Таис подняла на него глаза, и они усмехнулись нелепости разговора.
– Правда, я такой запомню Индию: так много воздуха, и весь он наполнен жизнью, звуками, красками. И время здесь так медленно движется.
– Действительно, не только люди здесь ни к чему не стремятся и не торопятся, но и животные, – согласилась Таис, глянув на слонов, которые почти два часа неподвижно лежали в воде.
– Да, а мне надо торопиться. Этот ритм был мне интересен, но он – не для меня. Я могу какое-то время неподвижно сидеть под сикоморой, наблюдать жизнь или углубляться в себя. Но не семь же лет, как Будда!
– Да, ты скорее созидатель, чем созерцатель.
– А прежде всего разрушитель, потому что для созидания нового, лучшего, соответствующего требованиям времени, надо сначала сломать отжившее и расчистить место…
– А нельзя это делать постепенно?
– Нет – жизни не хватит. Для успеха важны две вещи: распознать правильный момент – не раньше и не позже, и не упустить время… А Индия, – вернулся он к теме, – я был здесь счастлив, я доволен исполнением моей мечты. Хотя умные люди говорят, что наличие мечты важнее, чем ее осуществление. Не знаю, пока что я наслаждался и тем и другим. Надеюсь, время, когда мне ничего не захочется, никогда не настанет. По крайней мере, тебя я буду желать всегда. А если в один прекрасный момент не пожелаю, это будет означать, что я умер, – пошутил он все же. – А о чем ты сейчас мечтаешь?
Таис не хотелось снова затягивать свою бесполезную песню.
– Я мечтаю о кусочке куриного мяса с керри и всякими чудесными приправами…
– …которые мы возьмем с собой в Персию, чтобы было чем приправлять персидскую баранину. Я рад, что у тебя появился аппетит.
– На двоих, – Таис засмеялась, чтобы задавить слезы, и протянула ему руку.
Ей совсем не хотелось возвращаться в жизнь. Но время шло, хоть медленней, по-индийски, но шло – неумолимо. Солнце катилось к закату, впуская в мир сумерки, и надо было выбираться из леса, пока не стемнело. Молча держась за руки, они шли через величественную колоннаду леса, от дерева к дереву, кроны которых сплетались в вышине. В вечерней прохладе, чувствуя приближение ночи, темноты и опасности, все резче и тревожней кричали птицы, и рука Александра все крепче сжимала ладонь Таис. Их взгляды становились все продолжительнее, а молчание все красноречивей. В призрачном свете сумерек Таис сердцем всматривалась в его ненаглядное, таинственное лицо и запечатлела его облик так ясно и живо, что позже, во время перехода в Карманию, могла без усилий вызывать его в своем воображении. Александр действительно являлся ей, и она видела его и разговаривала с ним, как наяву…

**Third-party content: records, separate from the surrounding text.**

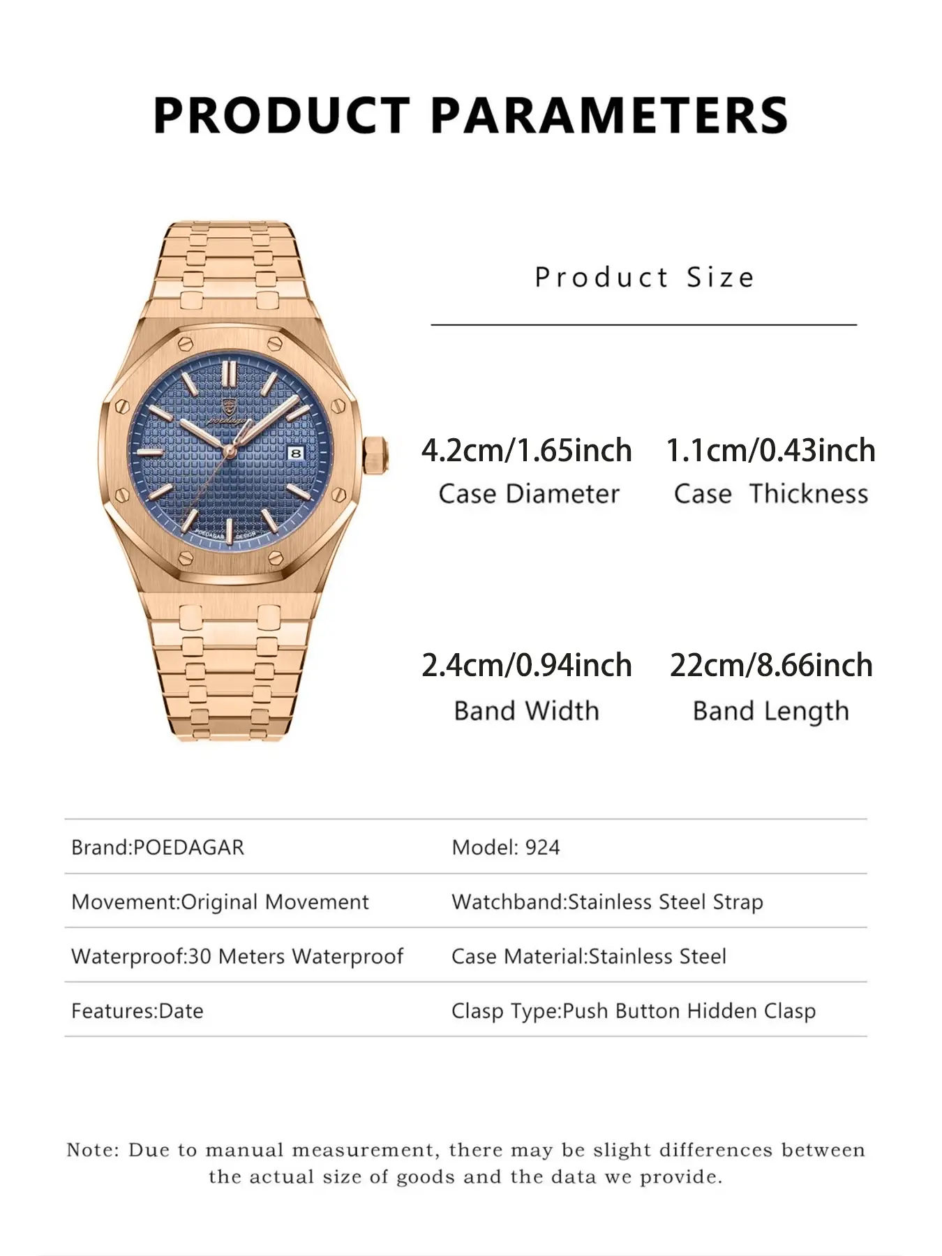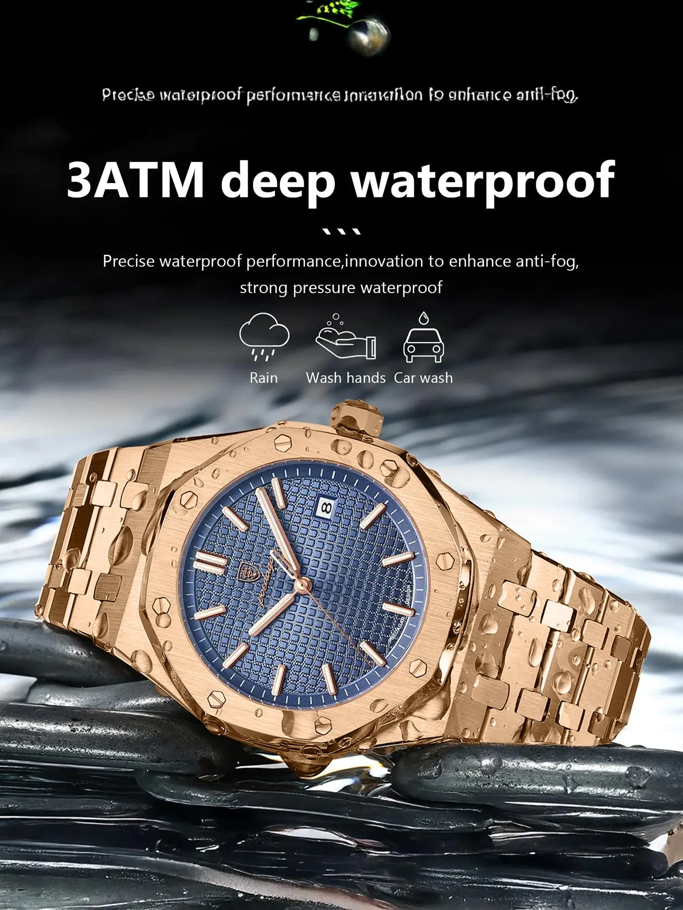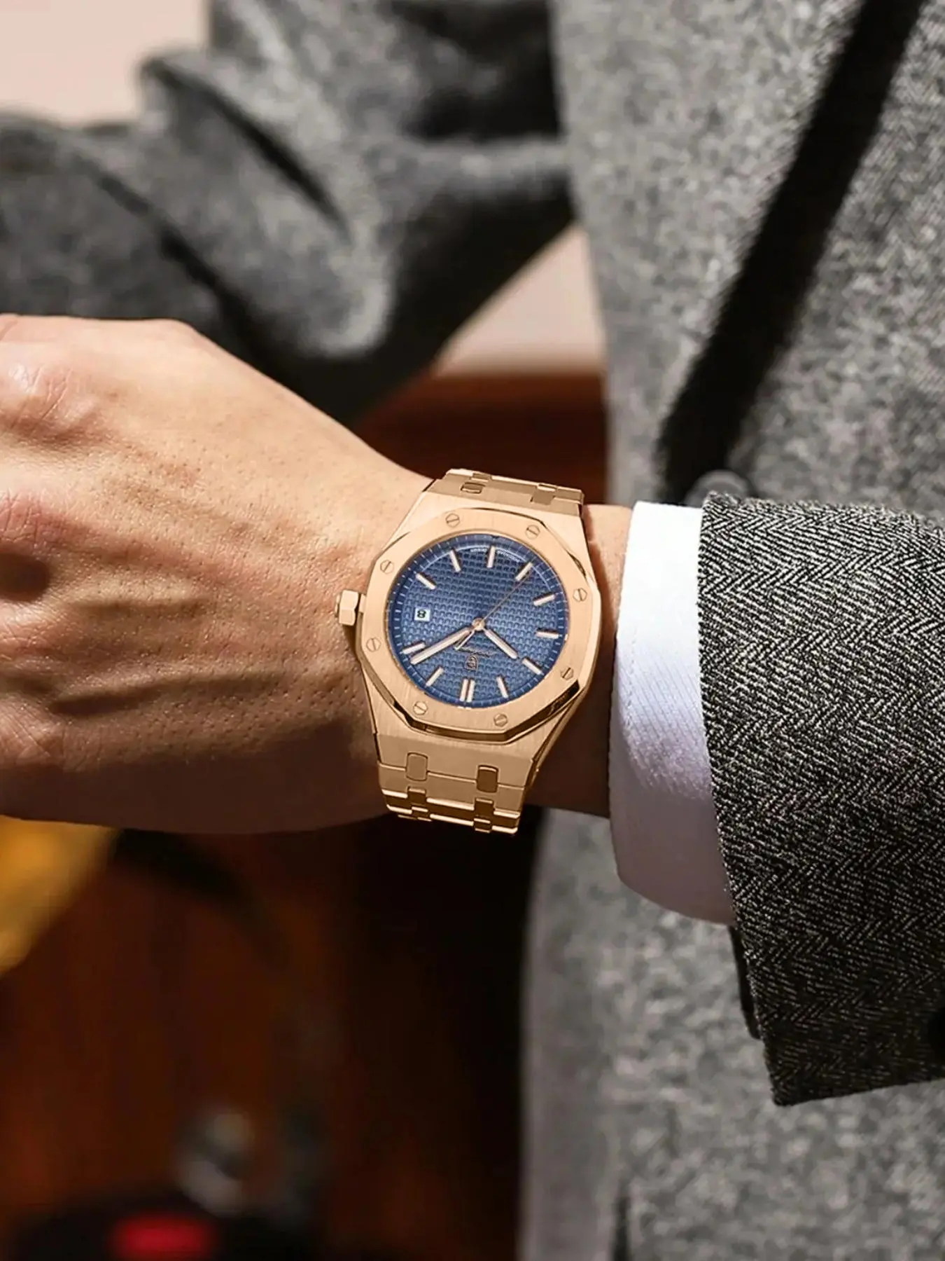 Love this watch! The rose gold looks clean and classy, and the blue face really pops. Feels solid and has a nice weight to it. Great for both casual and dressy fits. I’ve already gotten compliments. Way more quality than I expected for the price!
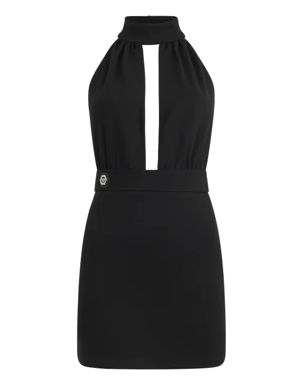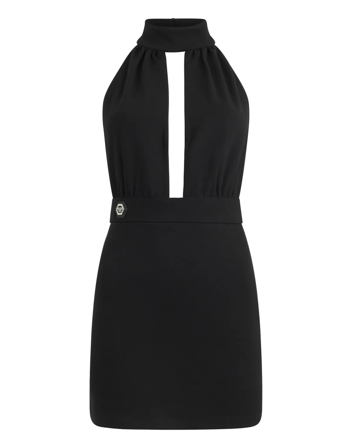 Design: Diepe snit/decolleté, Ritszakken aan de zijkant, Knop sluiting; Type sluiting: Ritssluiting; Materiaal: Jersey; Halstype: Opstaande kraag; Motief: Tekst print; Soort bandjes: Haltermodel; Details: Cut-outs, Gedrapeerd, Backless; Extra's: Label plaatje, Op staal naden; Lengte: Kort/mini; Snit: Figuur omarmend; Pasvorm: Aansluitende pasvorm; Armlengte: Mouwloos
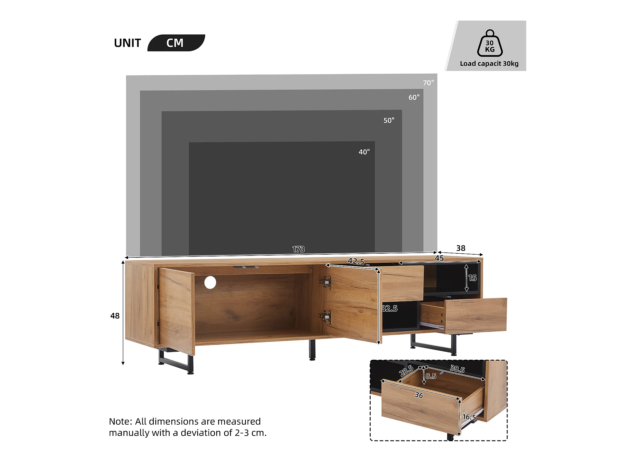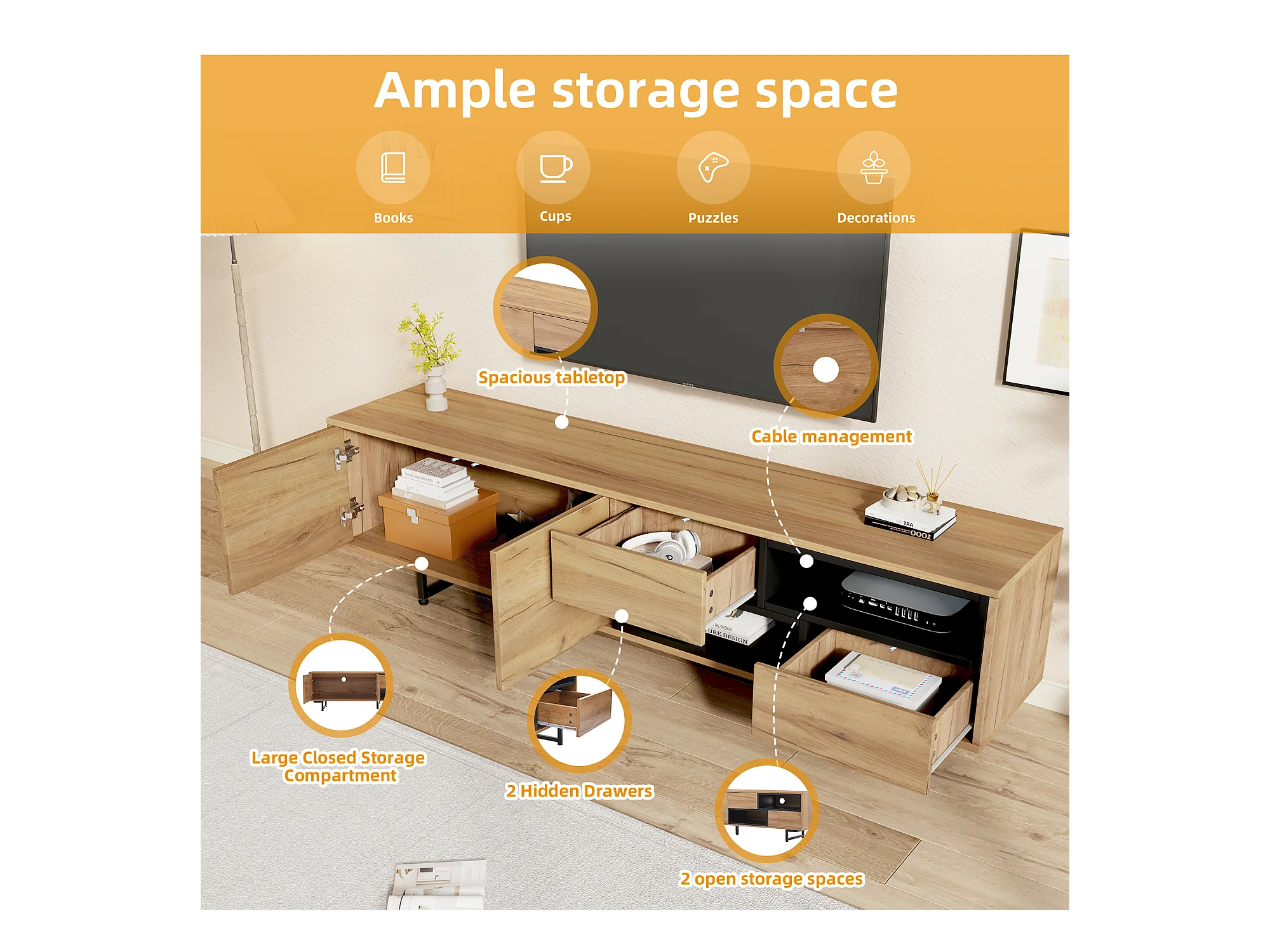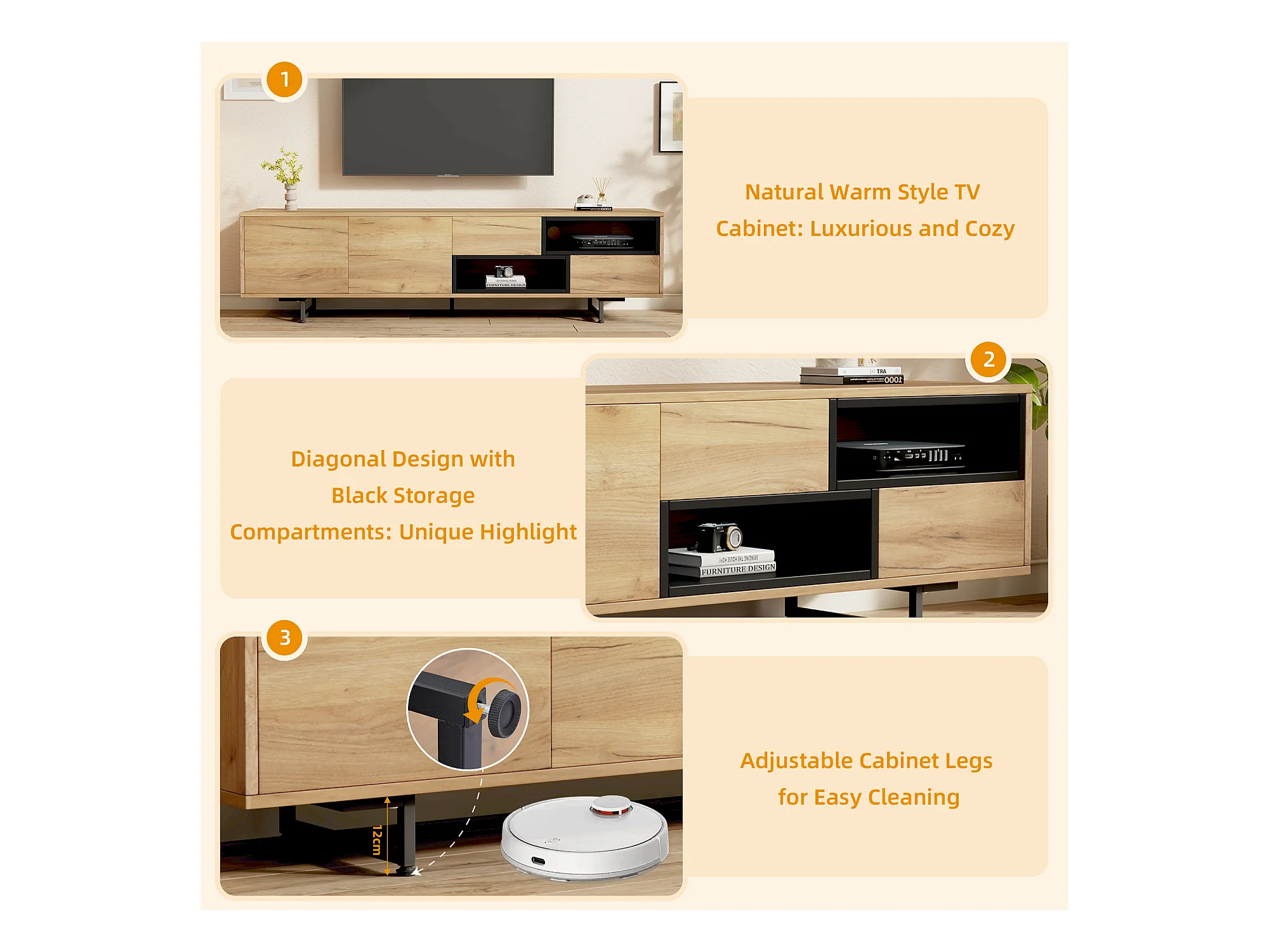 Mobile TV moderno 180x40x50 cm - riposto per animali domestici - con illuminazione a LED - 1 cassetto e 2 ante - colore naturale

…Разговаривая с Геро, которая все же решила сопровождать Таис, или с кем-то еще, Таис видела рядом Александра, отмечала меняющийся взгляд его прекрасных глаз, незримых никому, кроме нее, видела его одобрение, удивление или несогласие. Была ли это игра воображения или нарушение сознания, какая разница! Главное, эти видения помогали ей жить и переносить разлуку.
По совету Александра Таис рассматривала ландшафты сначала Индии, потом Арахозии и Дрангианы, по которым двигался их караван. Суровая грандиозная природа была хороша – плохой она просто не бывает. Высокие причудливые горы громоздились в несколько рядов; тени ложились на холмы и горы, на широкие долины и каждую минуту расцвечивали их по-новому, меняя картину, как в гигантском калейдоскопе. Простор отнимал дыхание – земля как будто соревновалась в неохватности с небом.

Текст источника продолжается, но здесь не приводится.